La salida del escritor del MI6 estuvo relacionada en un primer momento con el desenmascaramiento de Kim Philby, un espía británico que resultó ser un agente doble. Pertenecía a Los Cinco de Cambridge, un grupo de espías británicos que había reclutado la Unión Soviética para recopilar información del enemigo. Ni más ni menos que 'topos'. En los documentos requisados a Philby, el nombre de Cornwell (la verdadera identidad de Le Carré) aparecía, lo que precipitó su salida del MI6 en 1964. La experiencia turbia no llegó a aclararse del todo, pero le dio al escritor una de sus novelas más célebres, titulada en español El topo. El argumento no tuvo que buscarlo en lo más hondo de su imaginación. Smiley es el encargado de encontrar a un agente doble que está pasando información a la KGB. El enemigo dentro de casa.

Pero para aquella fecha le Carré ya había escrito El espía que surgió del frío, la obra que lo arrojó a los brazos del éxito. Y la novela contiene todos los elementos necesarios para ser recordada como uno de los grandes títulos del género de espionaje. Escrita en 1963, solo dos años después de que empezase a construirse el Muro, el escritor inglés nos sitúa en un escenario palpitante: el Berlín contemporáneo. El éxito de esta novela y de muchas que vinieron después radica en la inmediatez de los hechos. No debe recurrir el autor a argumentos históricos o ficticios, le basta con alzar la vista y descubrirnos a los lectores qué sucedía en los puestos de control fronterizos.
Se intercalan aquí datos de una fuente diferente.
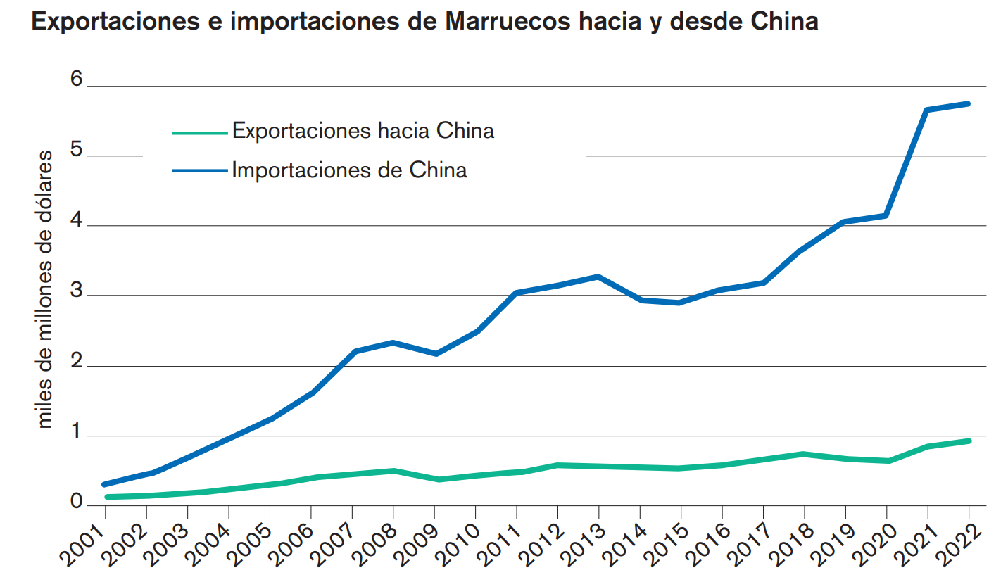 – Industria: a pesar de la desindustrialización de Marruecos, debido a la desaparición de su industria textil, el país parece haber reorientado su política económica de admisión temporal de materias primas para su transformación (también llamada admisión temporal), característica del sector textil, hacia industrias de mayor valor añadido, como la fabricación de baterías para vehículos eléctricos. China ya está construyendo su segunda fábrica de baterías para vehículos eléctricos para BTR New Material Group, que también se beneficia de materias primas locales como el cobalto y el fosfato, necesarios para la fabricación de baterías de iones de litio. Por otro lado, China prevé construir una central térmica de carbón en Yerada gracias a un préstamo comprador. También está en curso un proyecto de gigafactoría por valor de 6.500 millones de dólares, el primero de este tipo en el continente africano.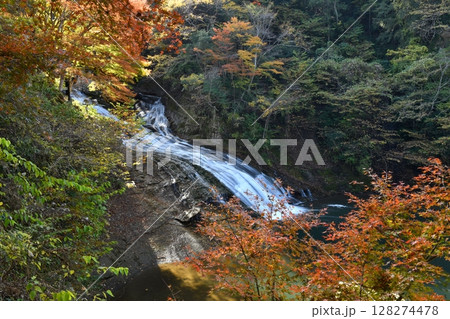 モミジが赤く染まった快晴の午後、養老渓谷金神(こんじん)の滝、滝壺から見上げる

La novela es un juego peligroso en donde los personajes se confunden. Las sospechas de contraespionaje no dejan al lector quedar al margen y lo empujan hacia un nerviosismo que se contagia. La lluvia de Le Carré moja. Escuchamos el susurro de Alec Leamas, el protagonista, de una forma cadenciosa y nos compadecemos de su infortunio. Porque no es un héroe. En las novelas de Le Carré no hay héroes, sino seres atormentados. Sus espías son hombres desdichados que combaten sus fantasmas con una botella de whisky, ahuyentando la soledad de los hoteles con tabaco. Incomprendidos, sus guerras se practican en las lecturas atentas de los periódicos, en las paradas del metro o en mitad de la noche, observando la ventana de una casa a oscuras. Son cazadores silenciosos que interpretan un papel incómodo. No existen, nadie sabe quiénes son y nadie los espera al volver a casa.

Una de las revoluciones literarias presentes en el mundo de le Carré tiene que ver con la tensión. En sus obras el lector no debe esperar precisamente lo que nos enseña la televisión o el propio hecho histórico. Apenas hay violencia o persecuciones. Su forma de narrar es una simbiosis de la Guerra Fría: sabemos que el espía guarda una pistola en su gabardina pero no la usará a no ser que sea inevitable. Y es precisamente la psicología de sus personajes la que hace que sus obras sean mucho más que un conflicto entre países. A través de sus páginas descubrimos la frustración del ser humano, atrapado en un mundo obsesionado con el espionaje y la guerra. También el planteamiento moral sobre los límites de un conflicto llevado a cabo por fantasmas, meros peones de los servicios de inteligencia de cada país. Es por ello también que muchas de sus obras, como El espía que surgió del frío, pueden parecer densas y difíciles, si al lector le pilla desprevenido.

Cuando muchos como yo, que no estábamos en el mundo durante la Guerra Fría, pensamos en aquel tiempo, se nos viene a la cabeza al agente Smiley (protagonista en diez de sus novelas) con su pose de cuarentón, algo cansado, parado en mitad de la noche frente a una valla metálica, fumando y protegido de la lluvia por un paraguas negro, mientras su gabardina se empapa y los cristales de las gafas nos impiden ver el color de sus ojos. Parece una película, pero es una novela. Al otro lado del Muro un hombre acaba de ser tiroteado por intentar escapar de la RDA. Muchos pensaron que John le Carré no iba a sobrevivir al final de la Guerra Fría. Treinta años después, veremos a ver si la Guerra Fría le sobrevive.